### Available records
++++
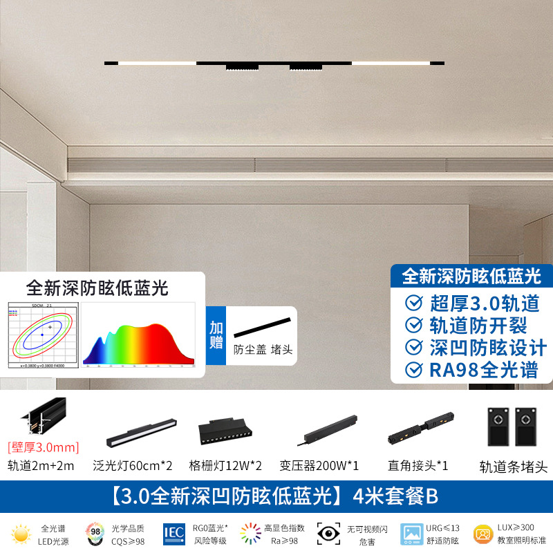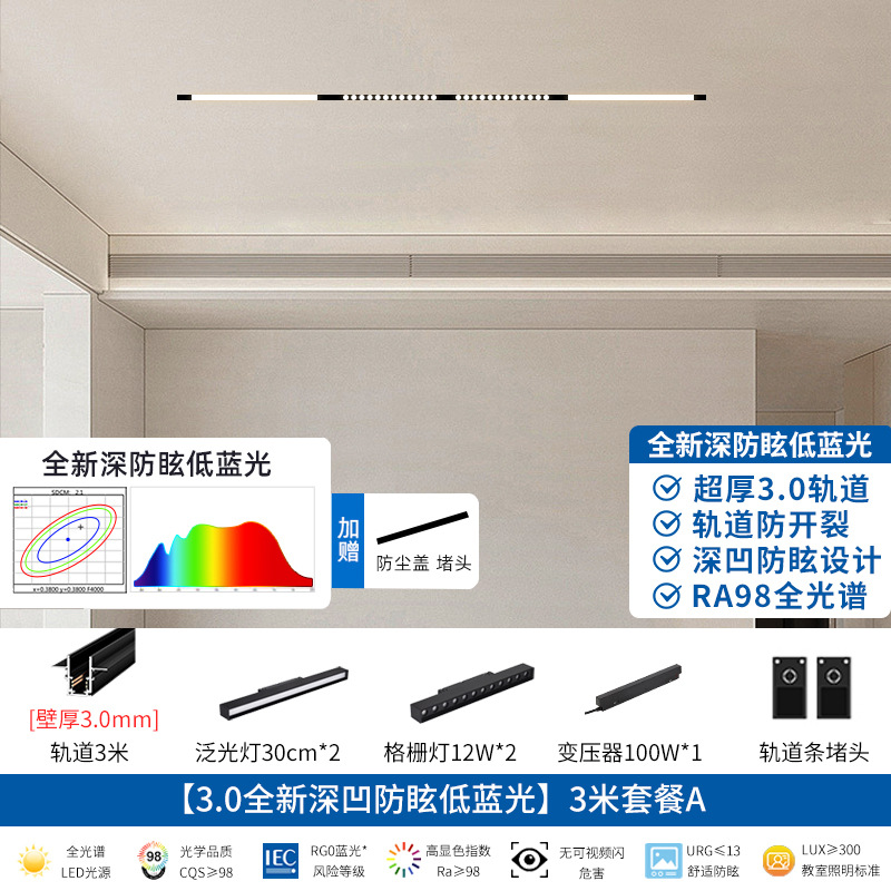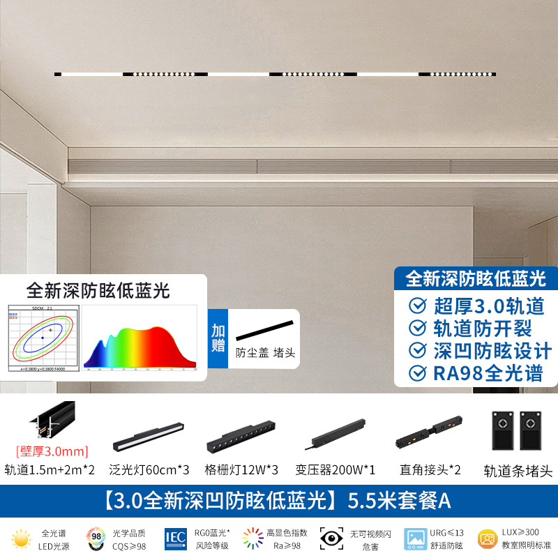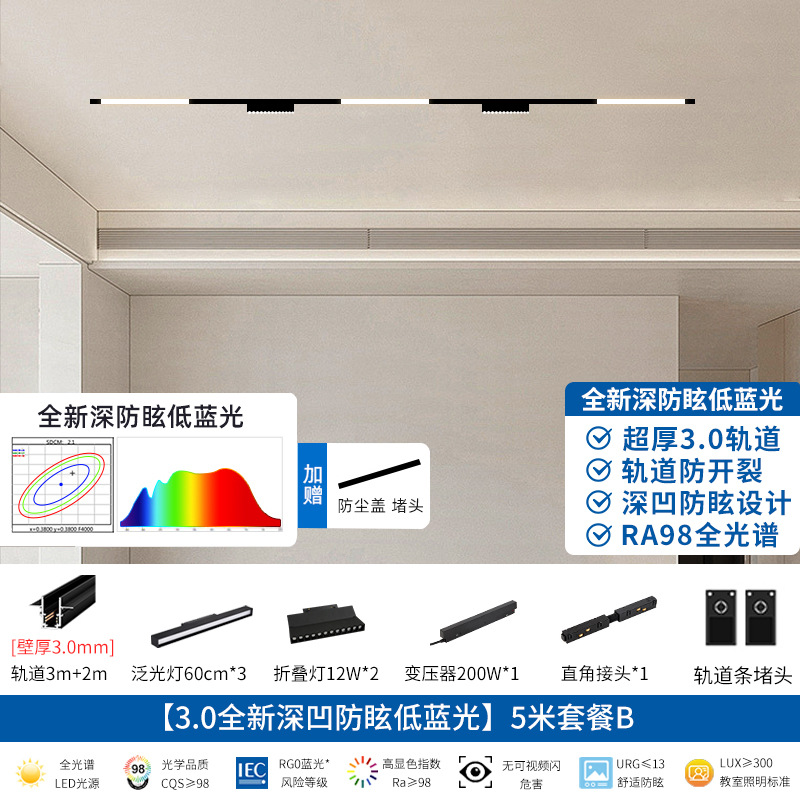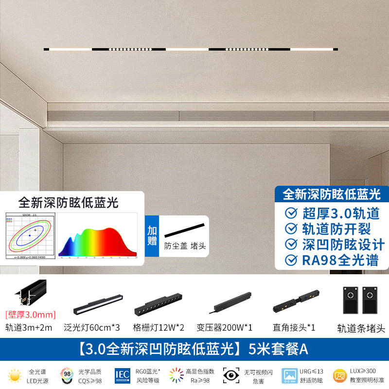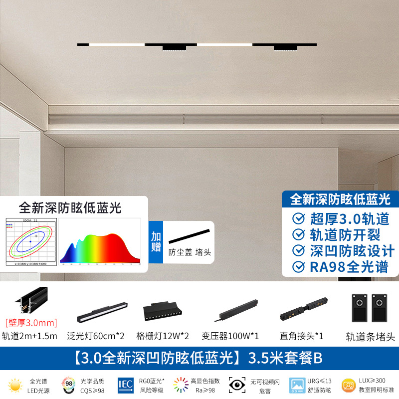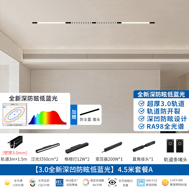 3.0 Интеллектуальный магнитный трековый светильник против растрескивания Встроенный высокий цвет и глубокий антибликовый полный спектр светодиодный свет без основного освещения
++++
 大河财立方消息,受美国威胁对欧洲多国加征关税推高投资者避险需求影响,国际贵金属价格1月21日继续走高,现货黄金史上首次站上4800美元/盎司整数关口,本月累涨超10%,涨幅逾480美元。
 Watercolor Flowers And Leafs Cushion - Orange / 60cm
++++
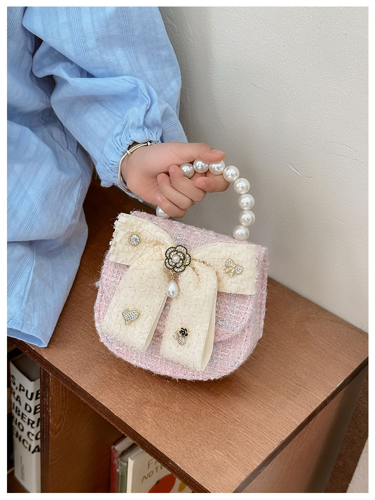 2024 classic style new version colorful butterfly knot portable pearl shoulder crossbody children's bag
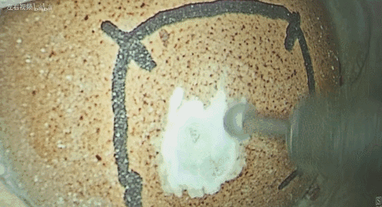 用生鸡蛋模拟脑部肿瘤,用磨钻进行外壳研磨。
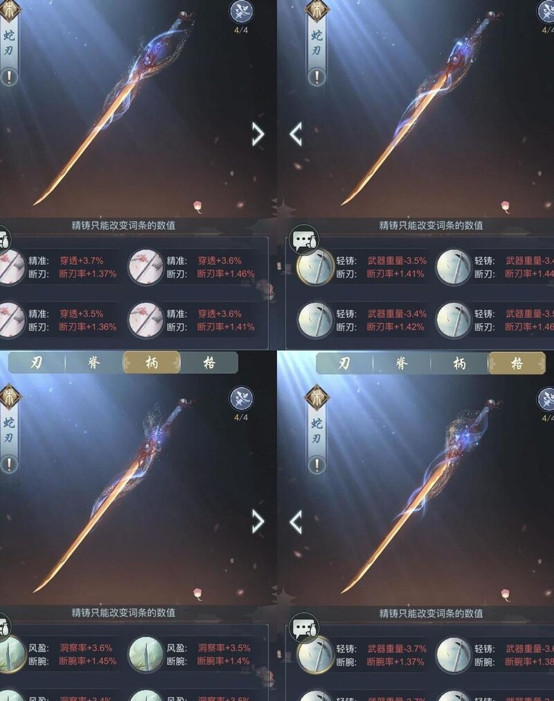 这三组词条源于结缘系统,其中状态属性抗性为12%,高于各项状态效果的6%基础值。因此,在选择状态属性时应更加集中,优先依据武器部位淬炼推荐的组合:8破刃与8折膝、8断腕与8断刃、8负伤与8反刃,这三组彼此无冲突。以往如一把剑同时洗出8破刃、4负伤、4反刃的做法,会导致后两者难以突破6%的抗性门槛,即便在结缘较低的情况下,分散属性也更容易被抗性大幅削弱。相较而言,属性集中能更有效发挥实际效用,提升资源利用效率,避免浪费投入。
++++
### The problem
From the material above, set down exactly the lines between the line holding "大河财立方消息,受美国威胁对" and the line holding "Watercolor Flowers And", inclusive. Include nothing else.

### Your response
 大河财立方消息,受美国威胁对欧洲多国加征关税推高投资者避险需求影响,国际贵金属价格1月21日继续走高,现货黄金史上首次站上4800美元/盎司整数关口,本月累涨超10%,涨幅逾480美元。
 Watercolor Flowers And Leafs Cushion - Orange / 60cm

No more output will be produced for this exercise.